Entrepreneurs are so possessed by their ideas that they start companies in good times and bad.
They often feel there’s nothing they can’t overcome. Those with successful track records may find the start-up road familiar but not easy.
Take Maria Maccecchini, who’s been in the life-sciences business in the Philadelphia region since the late ’80s. She first took the start-up plunge in 1992 with Symphony Pharmaceuticals Inc., which sought to develop treatments for disorders of the central nervous system.
Drug development rarely progresses in a straight line. Over the better part of a decade, Symphony’s strategy changed. Symphony merged with a European company and changed names twice before being bought by Transgenomic Inc., of Omaha, Neb., in a cash and stock transaction in May 2001.
Following the sale, Maccecchini said she took time off “to run around the world.” She climbed Mount Everest but fell short of the summit. She went dog-sledding in Alaska.
After all that, Maccecchini said she “needed to get my brain moving again.” So she joined a local “angel” investment network.
“Angel investing is a great parking lot for people who want to keep mentally stimulated but do not want to commit” to the 24/7 whirlwind that encircles any start-up.
Nearly two-thirds of all angel-backed companies flame out. Maccecchini’s experience was no different. Her home run was Protez Pharmaceuticals Inc., which agreed to be bought by Novartis AG last June in a deal with a maximum value of $400 million.
But the entrepreneurial bug bit her again after meeting Nigel Greig, a senior investigator at the National Institute on Aging, at a medical conference and discussing his technology to treat Alzheimer’s disease. Some scientists describing potential medical breakthroughs can seem like fishermen exaggerating about their catch. So Maccecchini, who has a Ph.D. in biochemistry, says she’s often skeptical.
But she was impressed with the potential of the technology described by Greig, who was among those who started the biotech firm Athena Neurosciences Inc. in the early ’90s.
The NIA estimates between 2.4 million and 4.5 million Americans are living with Alzheimer’s. There is no cure, only a handful of treatments led by Aricept, which had $1.6 billion in sales in the United States in the year ended March 31, 2008.
Three experimental compounds that embodied Greig’s technology had already been licensed by a start-up company. In fact, it had taken one, called phenserine, into late-stage Phase 3 clinical trials in 2005 … where it promptly failed.
That start-up was bought by a La Jolla, Calif., company called TorreyPines Therapeutics Inc. in 2006. The venture capital-backed TorreyPines was chasing a number of central nervous system therapies when the tight credit market that’s been cooling off the biotechnology industry froze its momentum.
Maccecchini started QR Pharma Inc. in May 2008, and licensed Greig’s compounds to treat Alzheimer’s disease from TorreyPines in November. She set out to learn why phenserine failed in the clinical trials so that QR Pharma could avoid repeating those mistakes.

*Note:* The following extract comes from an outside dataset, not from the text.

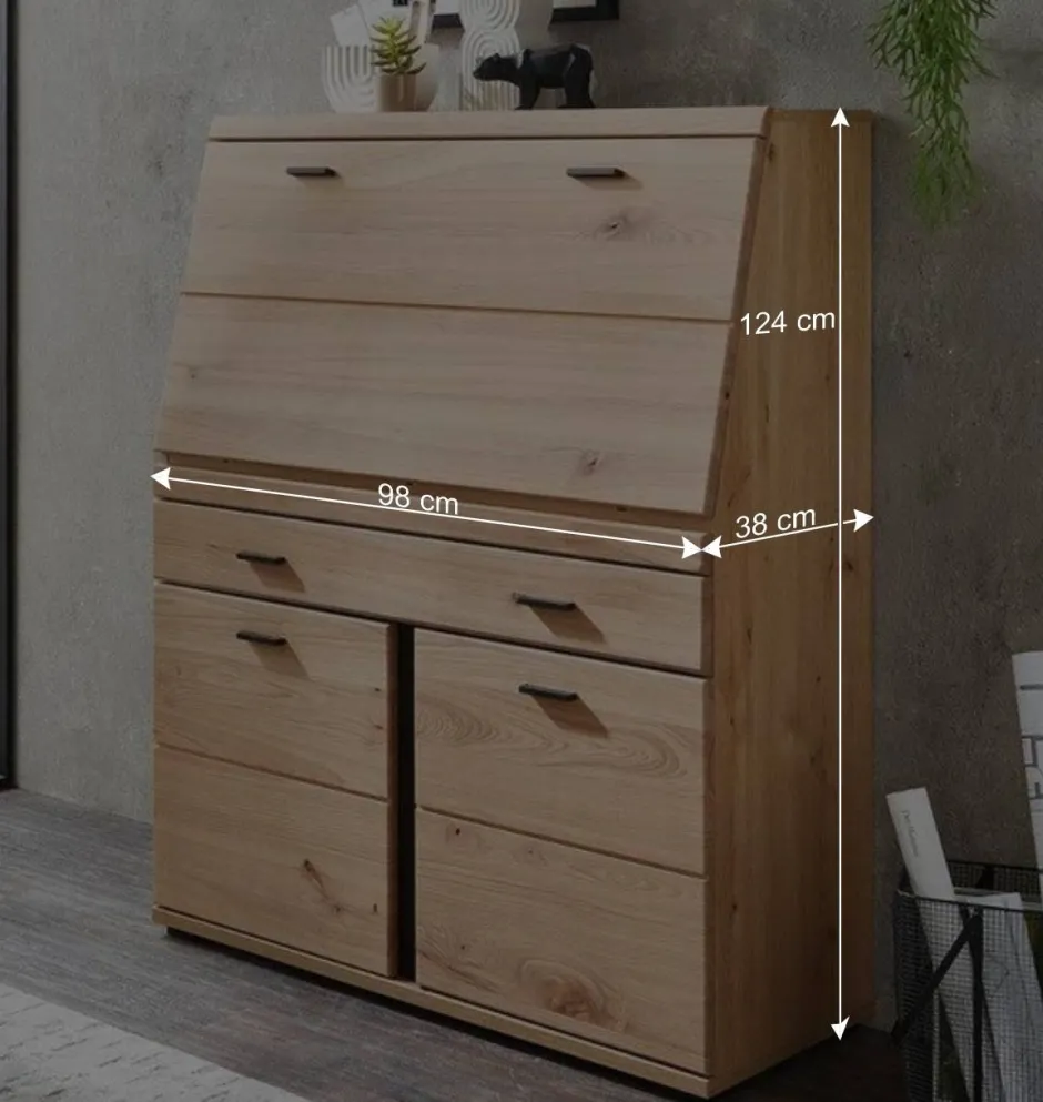 Mit einer Breite von 98 cm, einer Höhe von 124 cm und einer Tiefe von 38 cm bietet der Sekretär „Mattadore“ genügend Platz für Ihre Arbeitsutensilien und persönlichen Gegenstände. Eine praktische Schreibklappe mit Stützplattenauszug schafft eine komfortable Arbeitsfläche, während die durchdachte Inneneinteilung mit fünf Fächern für optimale Ordnung sorgt. Hinter zwei Türen mit Türdämpfung befinden sich Einlegeböden, die zusätzlichen Stauraum bieten. Eine Schublade mit Metallauszug, Soft Close und Selbsteinzug sorgt für besonderen Komfort und verhindert ungewolltes Zuschlagen.

To pay for that investigation, Radnor-based QR Pharma raised $50,000 in “pre-seed” funding from Philadelphia’s BioAdvance, which funds early-stage life-sciences companies with money provided by the state of Pennsylvania as part of the massive federal tobacco litigation settlement.
Maccecchini doesn’t plan to commercialize phenserine because she sees the two other experimental compounds as more promising.
Last week, QR Pharma said it raised $500,000 from Ben Franklin Technology Partners of Southeastern Pennsylvania, a state-funded nonprofit agency that has been investing technology firms of all kinds for more than 25 years.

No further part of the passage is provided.